WORK REQUIRED
Skipping all pictures, please restate word for word the lines from the one that contains "Cụ thể, 42 đầu" through the last line of the entries.

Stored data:
━━━━━━
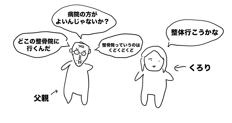 父親「普通の病院に行ったほうがいいんじゃないか?整骨院っていうのは・・くどくど」
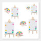 An art painting craft theme ideal for little artists. This beautiful design features an artist's easel and canvas with lot's of colourful paint. A colourful watercolor art design perfect for kids bedrooms.
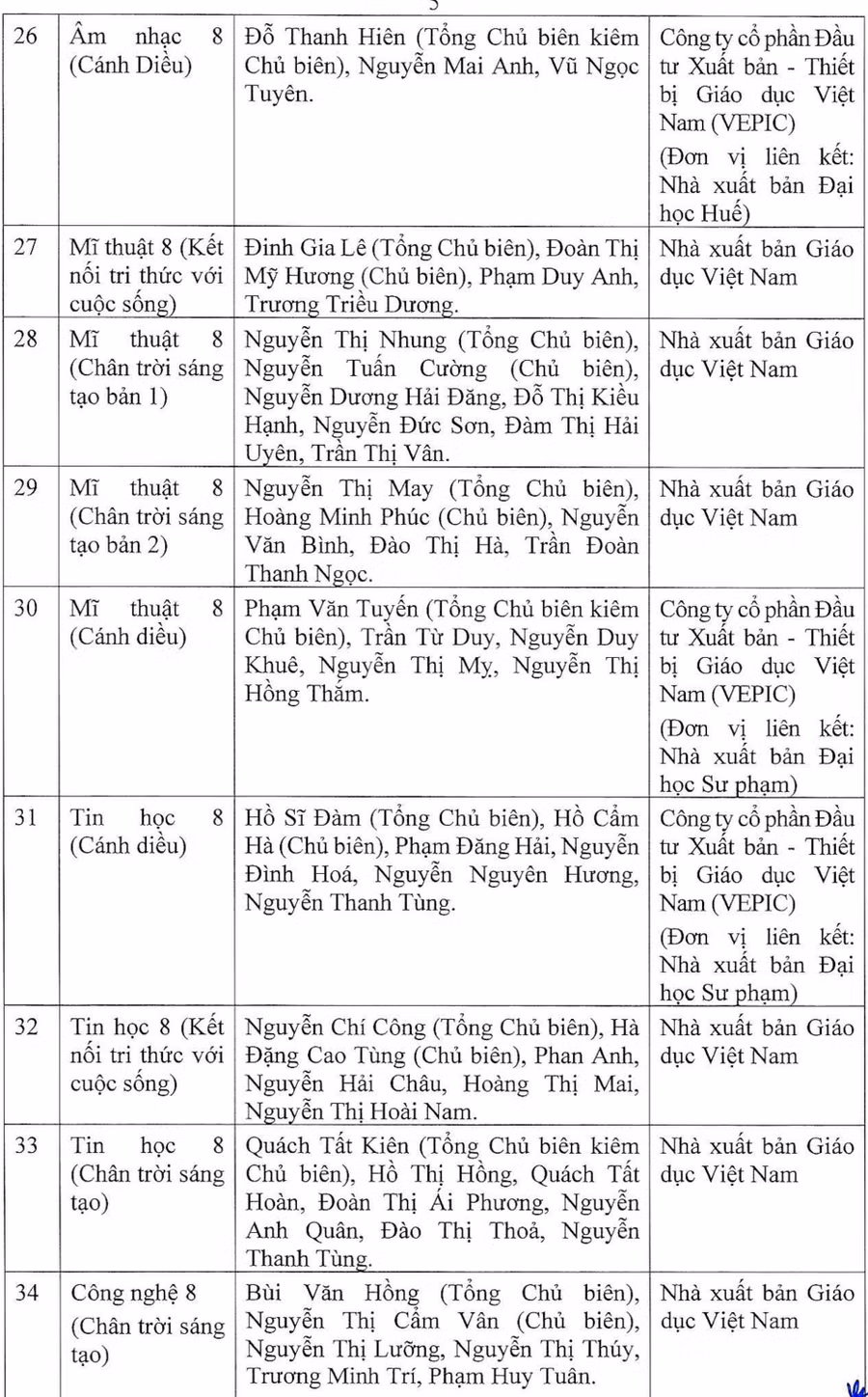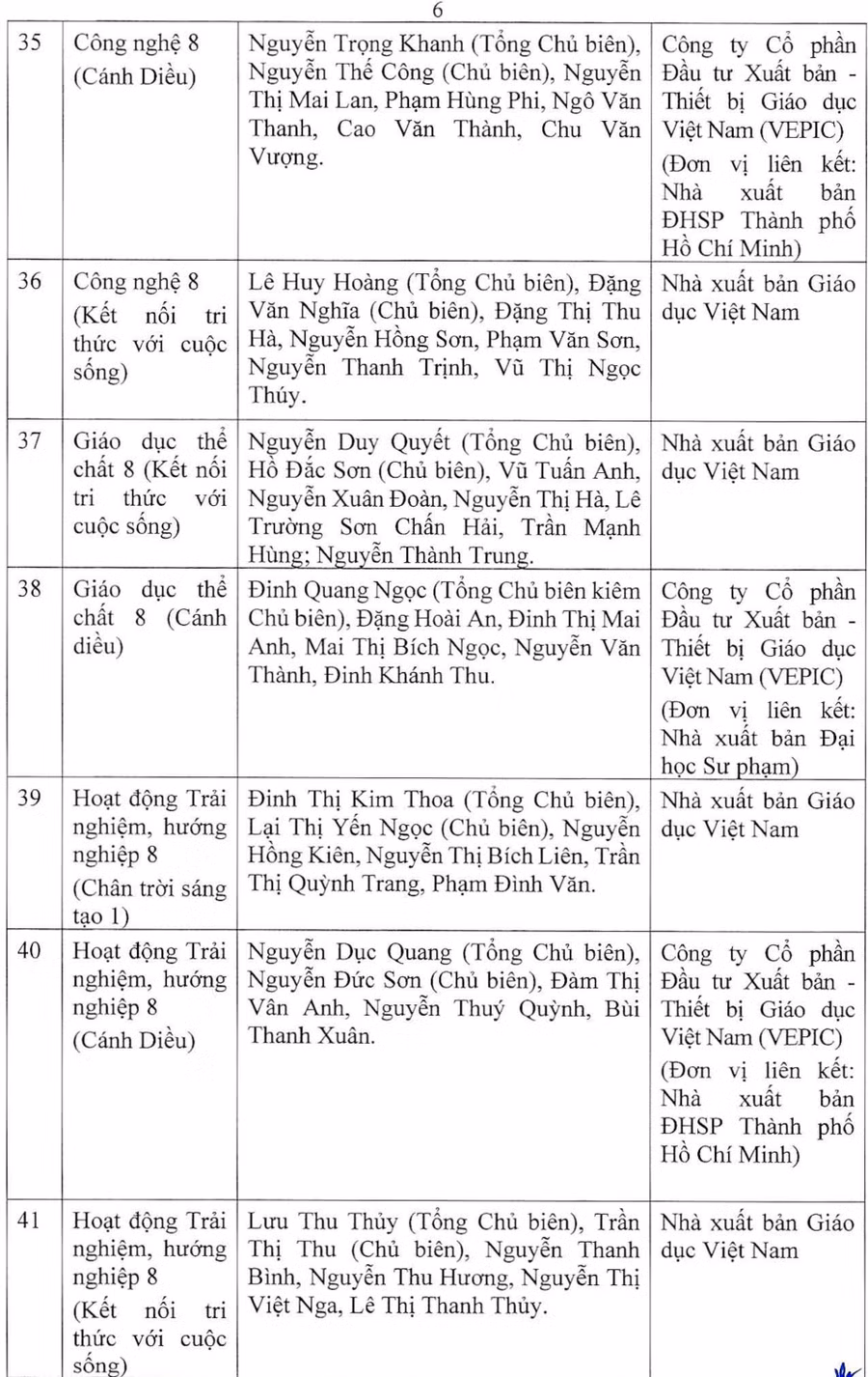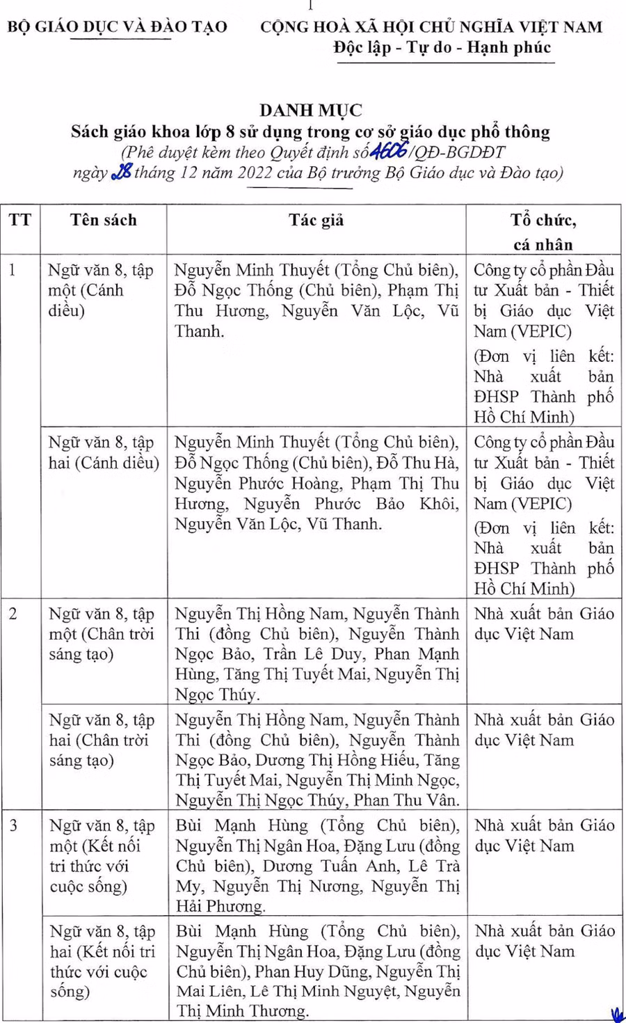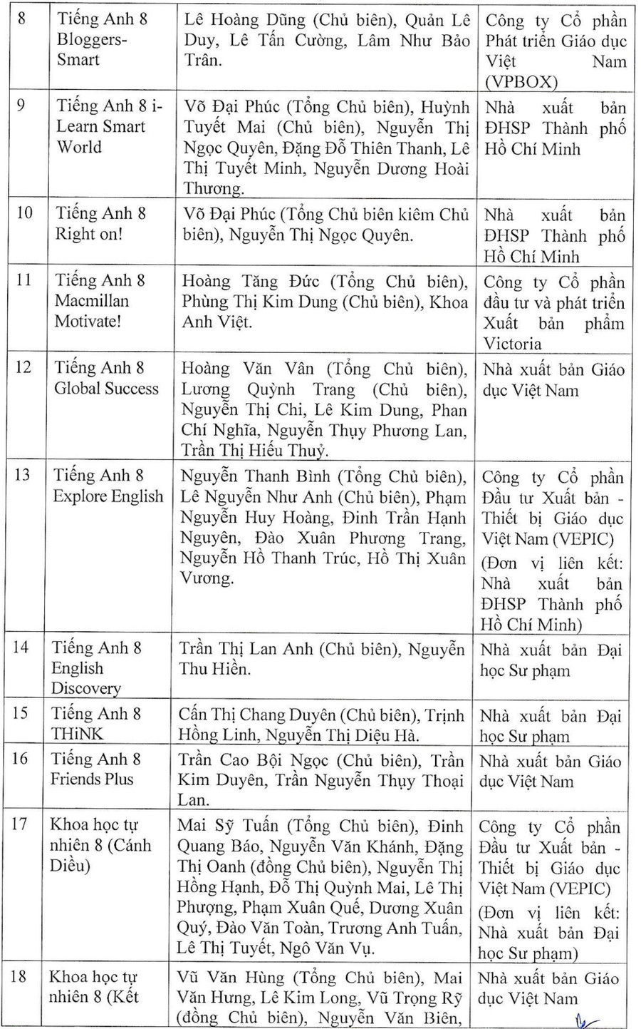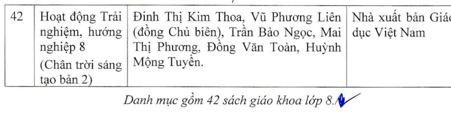 Cụ thể, 42 đầu sách thuộc danh mục sách giáo khoa lớp 8 đã được phê duyệt như sau:
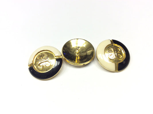 SET 10 BOTTONI GIOIELLO VINTAGE ORO SMALTATO PANNA E NERO CM 2,5
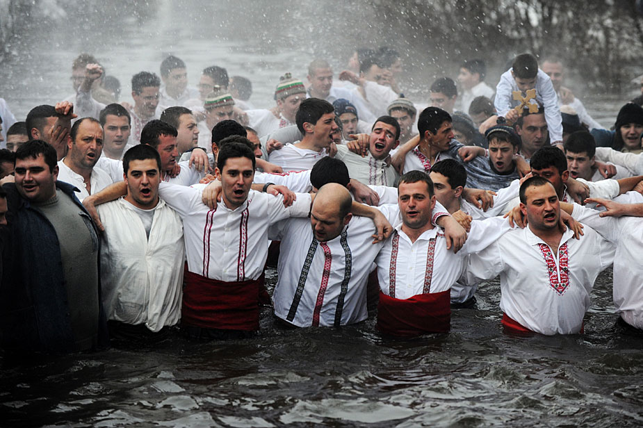 1月6日,在保加利亚卡洛菲尔市,人们在冰冷的河水中跳起保加利亚民间舞蹈霍洛舞,相互祝福在新的一年里身体健康,事事顺遂。图片来源:中国新闻网
━━━━━━
OUTPUT OF THE EXERCISE
 Cụ thể, 42 đầu sách thuộc danh mục sách giáo khoa lớp 8 đã được phê duyệt như sau:
 SET 10 BOTTONI GIOIELLO VINTAGE ORO SMALTATO PANNA E NERO CM 2,5
 1月6日,在保加利亚卡洛菲尔市,人们在冰冷的河水中跳起保加利亚民间舞蹈霍洛舞,相互祝福在新的一年里身体健康,事事顺遂。图片来源:中国新闻网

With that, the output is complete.